EDITORIAL
O governo do Estado defronta-se agora com mais um problema: ter de arranjar R$ 233 milhões para não perder ações da Companhia Paranaense de Energia (Copel) que caucionam operações da Banestado Corretora. O clima é de intranquilidade, pois está em jogo o controle acionário da empresa, embora seu presidente, Ingo Hubert, afirme que não há risco algum de isto ocorrer. Não revela, porém, qual a garantia do que afirma.
A história já é conhecida de todos que acompanham os negócios públicos e conseguem entendê-los, embora seja difícil entender alguns deles, feitos pelo governo do Paraná.
Os fatos: a Banestado Corretora adquiriu em 1996, em operações financeiras, títulos públicos dos governos de Pernambuco, Alagoas e Santa Catarina, e das prefeituras de Osasco e Guarulhos, num total de R$ 350 milhões. A CPI dos Precatórios viria a revelar que esses papéis não poderiam ser honrados pelos emitentes, pois eram fraudulentos, ou seja, os valores correspondentes não foram destinados aos fins que justificaram a emissão. O Estado de Pernambuco quitou seus títulos (no valor de R$ 117 milhões) e o mico caiu para R$ 233 milhões, mas o valor total da caução continua sendo o inicial, pois preciso seria que os demais emitentes de papéis também os liquidassem, o que já se sabe que não ocorrerá. Para a venda do Banestado a exigência do Banco Central foi que o governo do Paraná garantisse aqueles papéis, e as ações da Copel foram a garantia. O adquirente do Banestado, que viria a ser o Banco Itaú, está de posse dessas ações, e agora, ou obtém o resgate ou fica com elas. O governo já anunciou que não tem o dinheiro e que negocia com o Itaú a prorrogação do prazo de vencimento da caução.

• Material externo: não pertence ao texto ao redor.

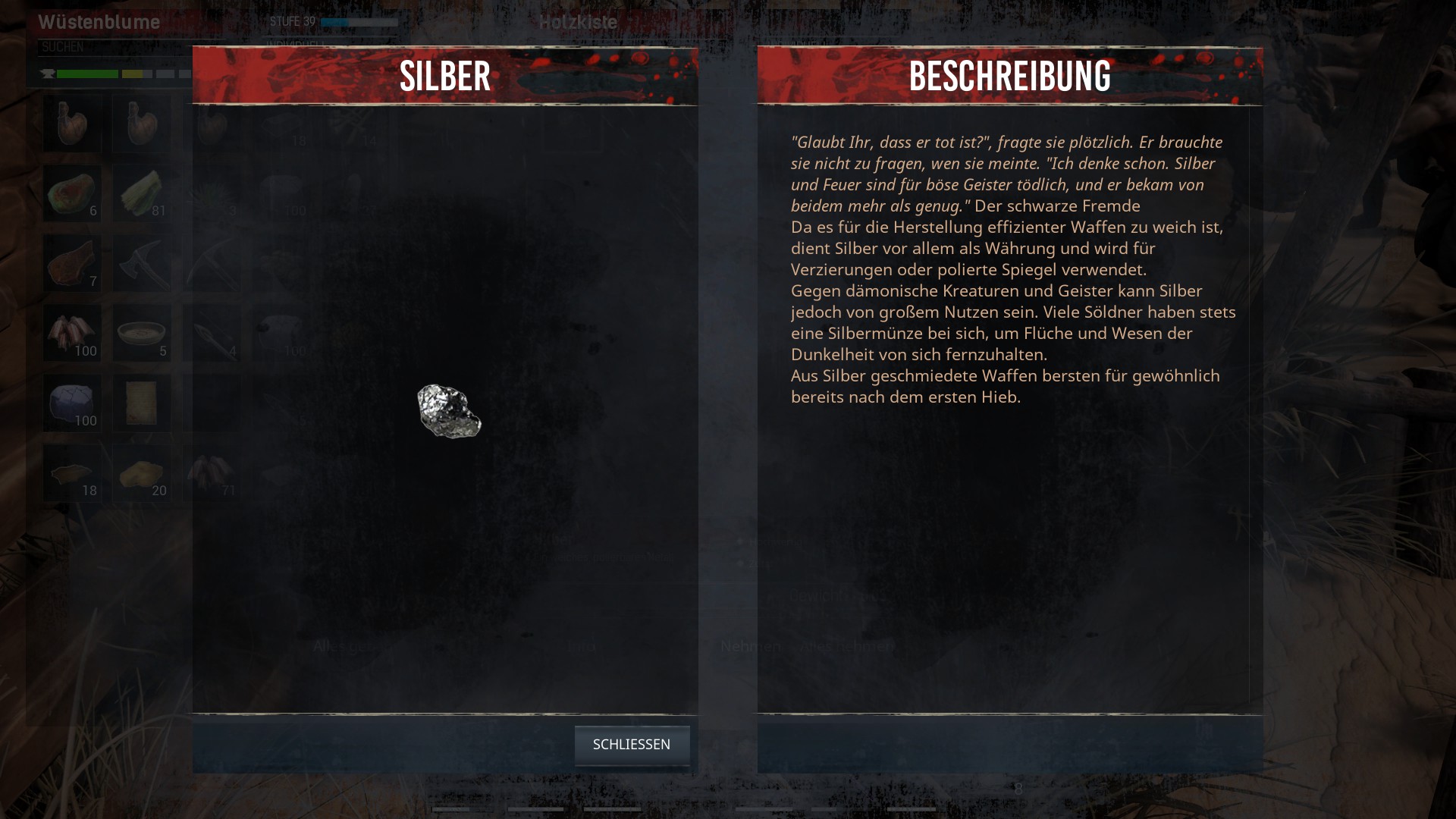 Silber ist eine Ressource in Conan Exiles conanexiles.zone/attachment/254/ Die Ressource Silber kann aktuell sehr selten in Kisten gefunden werden. Typ: Ressource Stufe: HochwertigStapelgröße: 100 Gewicht: 0.05 ID: 11052 conanexiles.zone/attachment/723/conanexiles.zone/attachment/814/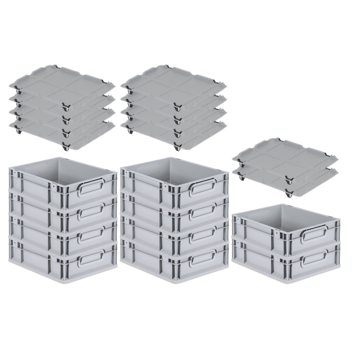 PROREGAL SparSet 10x Eurobox NextGen Grip mit Auflagedeckel & 4 schwarzen Verschlüssen, HxBxT 12x30x40cm, 11L, Grau, Griffe zu, Eurobehälter

A pergunta que os cidadãos comuns fazem é como se deu a compra de títulos dessa qualidade, oriundos de diferentes origens e todos fraudulentos (à exceção dos de Pernambuco).
A questão é de difícil resposta e deve ser investigada para acompanhar o clima de moralização que se registra em outras áreas. O que se sabe, com certeza, é que serviços vitais - como saúde, educação e segurança, para citar os mais importantes - serão sacrificados para cobrir o rombo causado pela operação com títulos podres.
Defronta-se agora o governador Jaime Lerner com este novo problema (que não é tão novo, sendo nova a consequência), não bastassem os outros já existentes.
Se estas questões não resolvidas abalam o governo, abalam muito mais a comunidade paranaense, porque os governos passam e os cidadãos ficam, com todas as sequelas deixadas pelos governantes.